Further guidance on that requirement is found in paragraph 4(b) of the Policy, which sets out four circumstances, any one of which is taken to be evidence of the registration and use of a domain name in bad faith if established.
The four specified circumstances are:
‘(i) circumstances indicating that the respondent has registered or acquired the domain name primarily for the purpose of selling, renting, or otherwise transferring the domain name registration to the complainant who is the owner of the trademark or service mark or to a competitor of that complainant, for valuable consideration in excess of the respondent’s documented out-of-pocket costs directly related to the domain name; or
(ii) the respondent has registered the domain name in order to prevent the owner of the trademark or service mark from reflecting the mark in a corresponding domain name, provided that Respondent has engaged in a pattern of such conduct; or
(iii) the respondent has registered the domain name primarily for the purpose of disrupting the business of a competitor; or
(iv) by using the domain name, respondent has intentionally attempted to attract, for commercial gain, internet users to respondent’s website or other on-line location, by creating a likelihood of confusion with the complainant’s mark as to the source, sponsorship, affiliation, or endorsement of the respondent’s website or location or of a product or service on the site or location.’

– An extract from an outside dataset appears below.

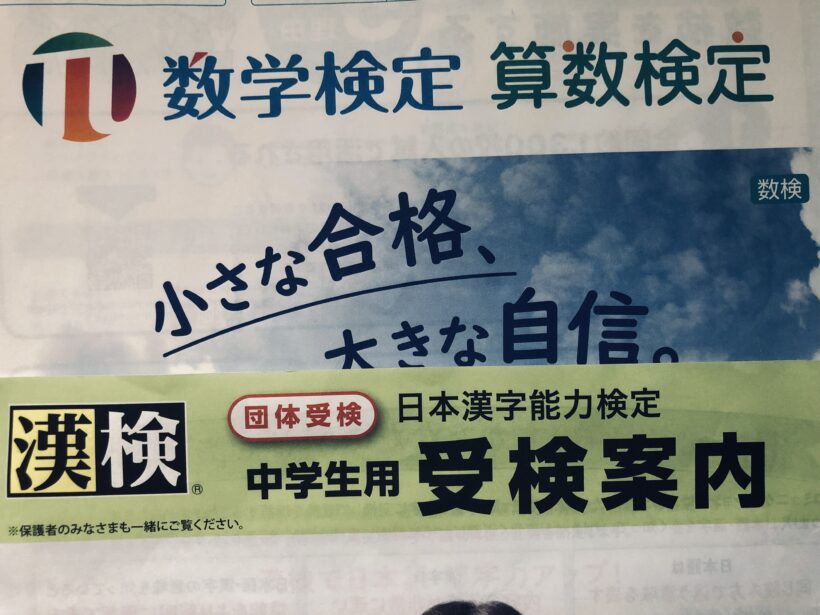 今時の中学生は漢字検定と英検と数学検定の3つを受けている中学生が多いようです。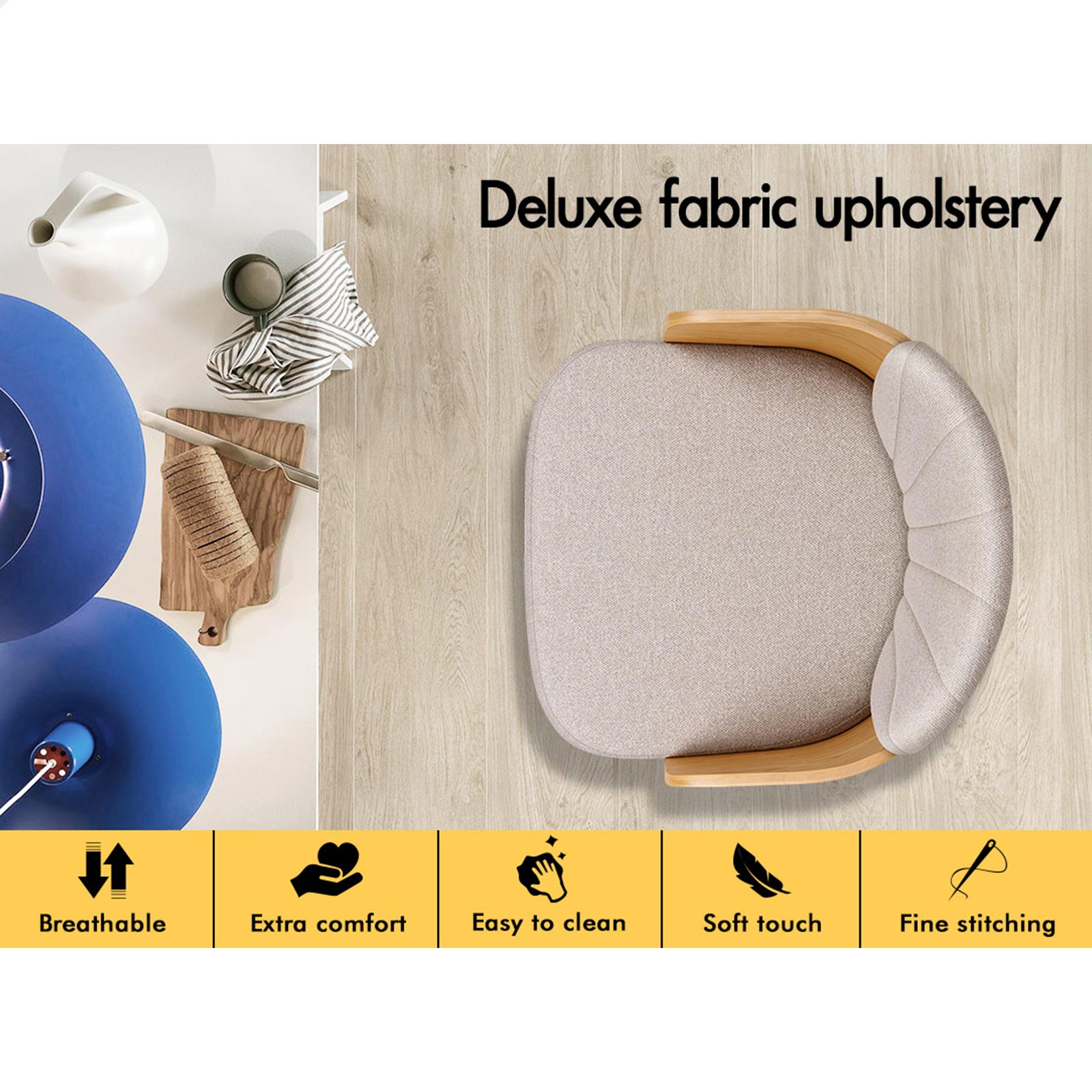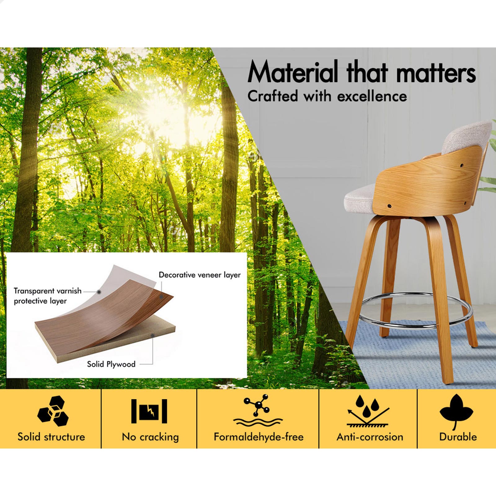 * Seat material: Solid plywood and fabric

The Panel finds that the use of the domain name falls under paragraph 4(b)(iv). The Panel has already found the domain name to be confusingly similar to the trademark. The fraudulent website and emails are likely to cause confusion. Their purpose is commercial gain. Panel finds registration and use in bad faith.
Panel finds that Complainant has satisfied the third and final element of the Policy.
Having established all three elements required under the ICANN Policy, the Panel concludes that relief shall be GRANTED.
Accordingly, it is Ordered that the <colformanufacturinginc.com> domain name be TRANSFERRED from Respondent to Complainant.